• **Exercise description**
A faithful copy of all the data is the goal; omit the pictures.

• **Collection entries**
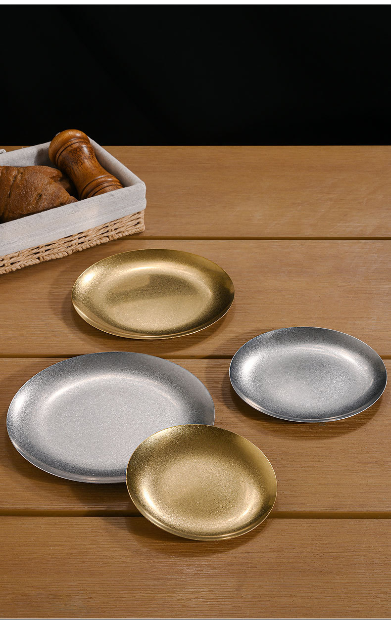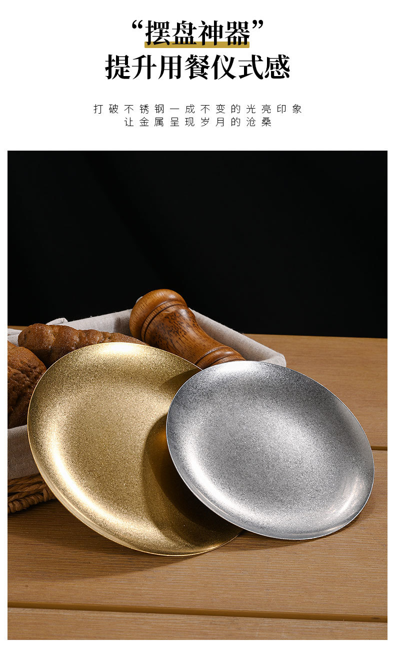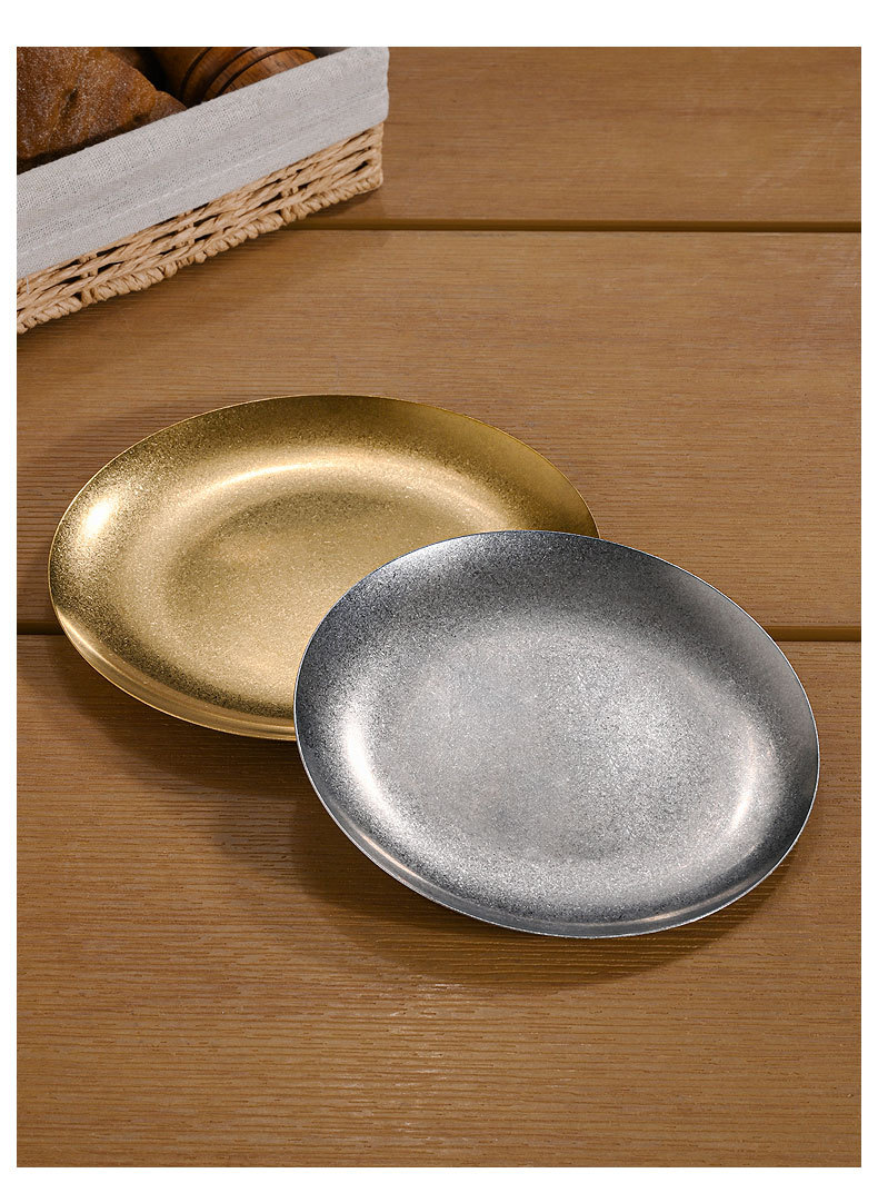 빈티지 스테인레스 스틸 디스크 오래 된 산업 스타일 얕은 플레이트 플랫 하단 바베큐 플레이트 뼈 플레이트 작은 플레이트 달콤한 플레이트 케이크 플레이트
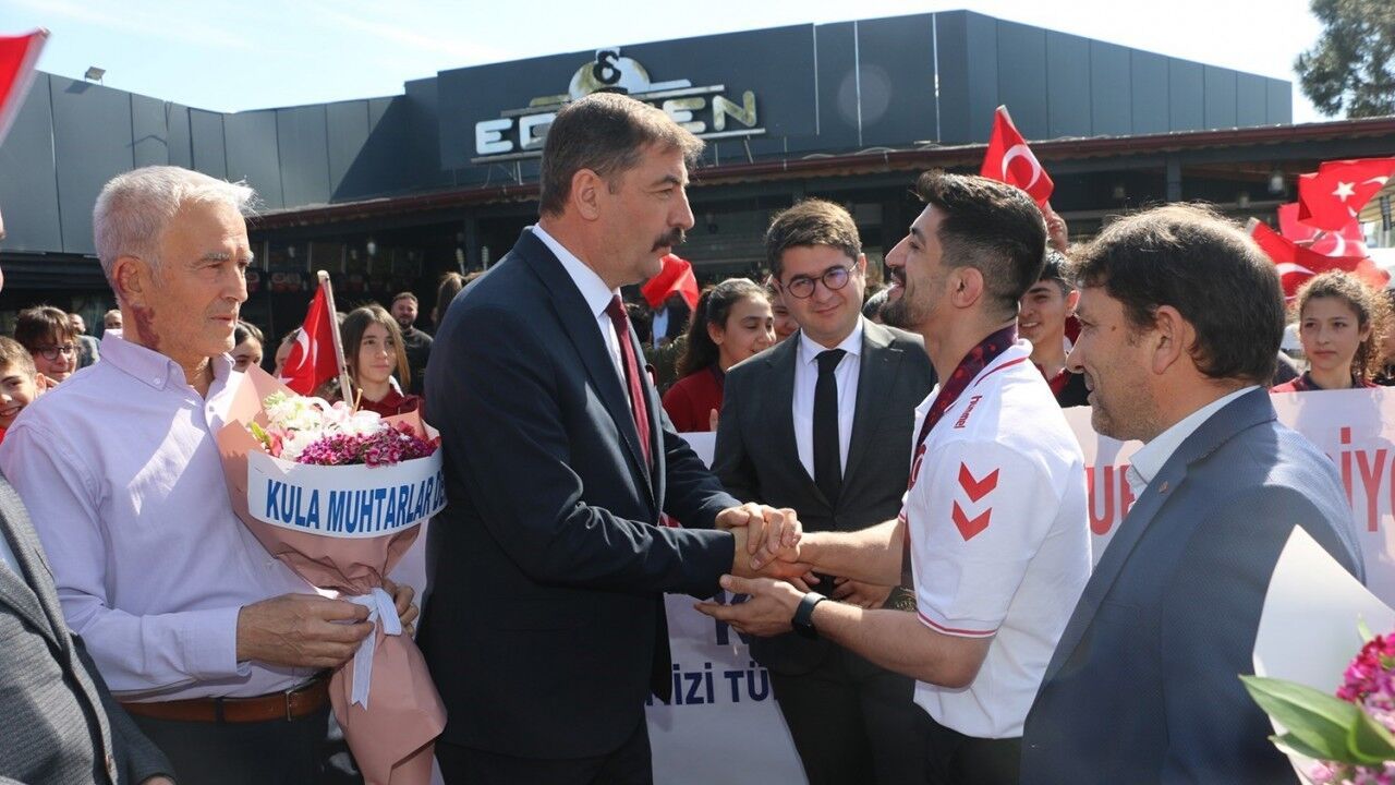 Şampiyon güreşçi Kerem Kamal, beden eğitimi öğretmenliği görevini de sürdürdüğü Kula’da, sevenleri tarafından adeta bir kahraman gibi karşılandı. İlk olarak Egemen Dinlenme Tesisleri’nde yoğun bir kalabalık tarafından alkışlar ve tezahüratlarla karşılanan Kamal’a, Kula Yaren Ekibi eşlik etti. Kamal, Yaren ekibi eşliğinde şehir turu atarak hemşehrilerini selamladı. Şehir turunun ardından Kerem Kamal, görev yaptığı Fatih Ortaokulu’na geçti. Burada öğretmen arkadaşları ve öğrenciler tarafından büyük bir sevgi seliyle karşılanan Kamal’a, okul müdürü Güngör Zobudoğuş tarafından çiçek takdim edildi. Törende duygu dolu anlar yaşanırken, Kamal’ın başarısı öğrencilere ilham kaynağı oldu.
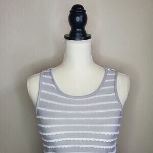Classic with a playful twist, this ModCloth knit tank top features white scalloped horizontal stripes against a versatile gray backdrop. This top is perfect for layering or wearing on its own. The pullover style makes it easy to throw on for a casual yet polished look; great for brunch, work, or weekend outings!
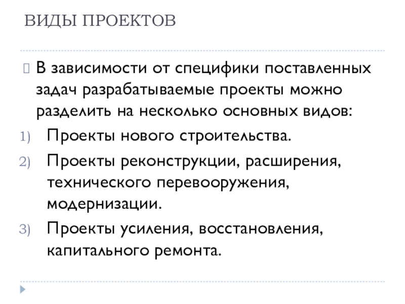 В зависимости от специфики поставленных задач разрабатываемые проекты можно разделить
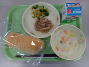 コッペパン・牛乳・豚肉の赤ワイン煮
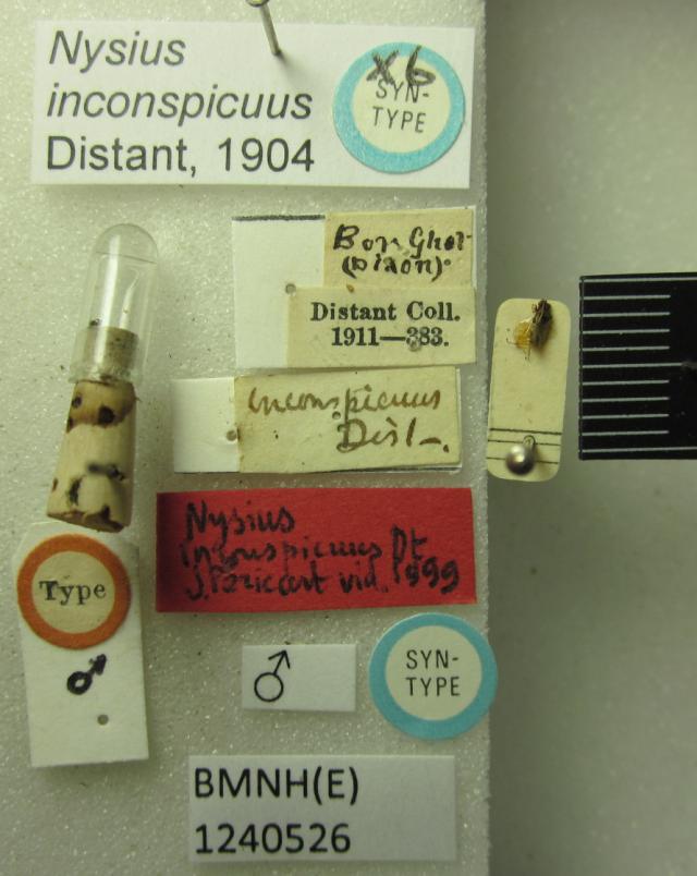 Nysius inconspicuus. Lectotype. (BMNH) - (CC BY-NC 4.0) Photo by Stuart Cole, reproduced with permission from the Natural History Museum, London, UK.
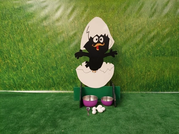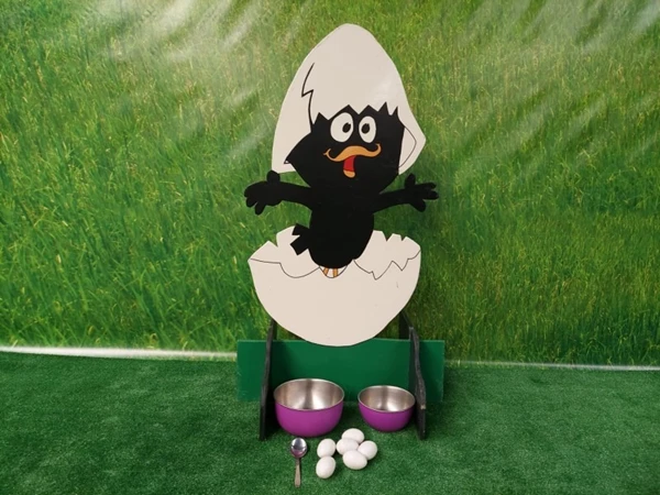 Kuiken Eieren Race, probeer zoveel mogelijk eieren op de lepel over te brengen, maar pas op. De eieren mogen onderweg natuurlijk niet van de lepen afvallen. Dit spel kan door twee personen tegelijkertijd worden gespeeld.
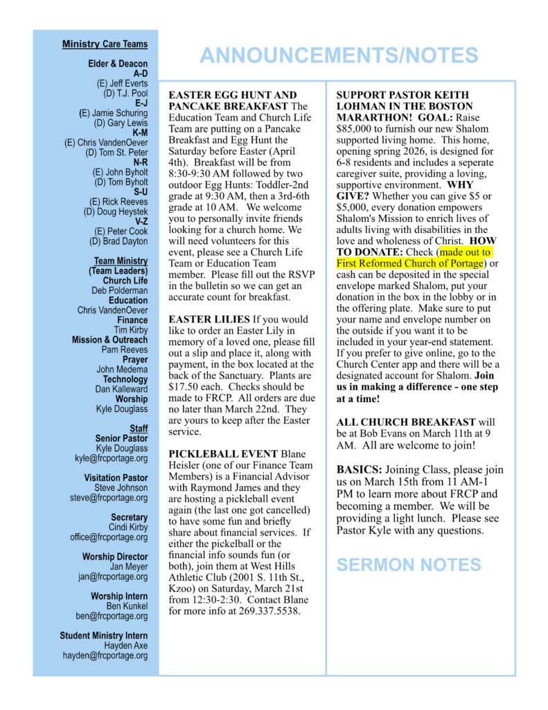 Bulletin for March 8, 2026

• **Task answer**
 빈티지 스테인레스 스틸 디스크 오래 된 산업 스타일 얕은 플레이트 플랫 하단 바베큐 플레이트 뼈 플레이트 작은 플레이트 달콤한 플레이트 케이크 플레이트
 Şampiyon güreşçi Kerem Kamal, beden eğitimi öğretmenliği görevini de sürdürdüğü Kula’da, sevenleri tarafından adeta bir kahraman gibi karşılandı. İlk olarak Egemen Dinlenme Tesisleri’nde yoğun bir kalabalık tarafından alkışlar ve tezahüratlarla karşılanan Kamal’a, Kula Yaren Ekibi eşlik etti. Kamal, Yaren ekibi eşliğinde şehir turu atarak hemşehrilerini selamladı. Şehir turunun ardından Kerem Kamal, görev yaptığı Fatih Ortaokulu’na geçti. Burada öğretmen arkadaşları ve öğrenciler tarafından büyük bir sevgi seliyle karşılanan Kamal’a, okul müdürü Güngör Zobudoğuş tarafından çiçek takdim edildi. Törende duygu dolu anlar yaşanırken, Kamal’ın başarısı öğrencilere ilham kaynağı oldu.
Classic with a playful twist, this ModCloth knit tank top features white scalloped horizontal stripes against a versatile gray backdrop. This top is perfect for layering or wearing on its own. The pullover style makes it easy to throw on for a casual yet polished look; great for brunch, work, or weekend outings!
 В зависимости от специфики поставленных задач разрабатываемые проекты можно разделить
 コッペパン・牛乳・豚肉の赤ワイン煮
 Nysius inconspicuus. Lectotype. (BMNH) - (CC BY-NC 4.0) Photo by Stuart Cole, reproduced with permission from the Natural History Museum, London, UK.
 Kuiken Eieren Race, probeer zoveel mogelijk eieren op de lepel over te brengen, maar pas op. De eieren mogen onderweg natuurlijk niet van de lepen afvallen. Dit spel kan door twee personen tegelijkertijd worden gespeeld.
 Bulletin for March 8, 2026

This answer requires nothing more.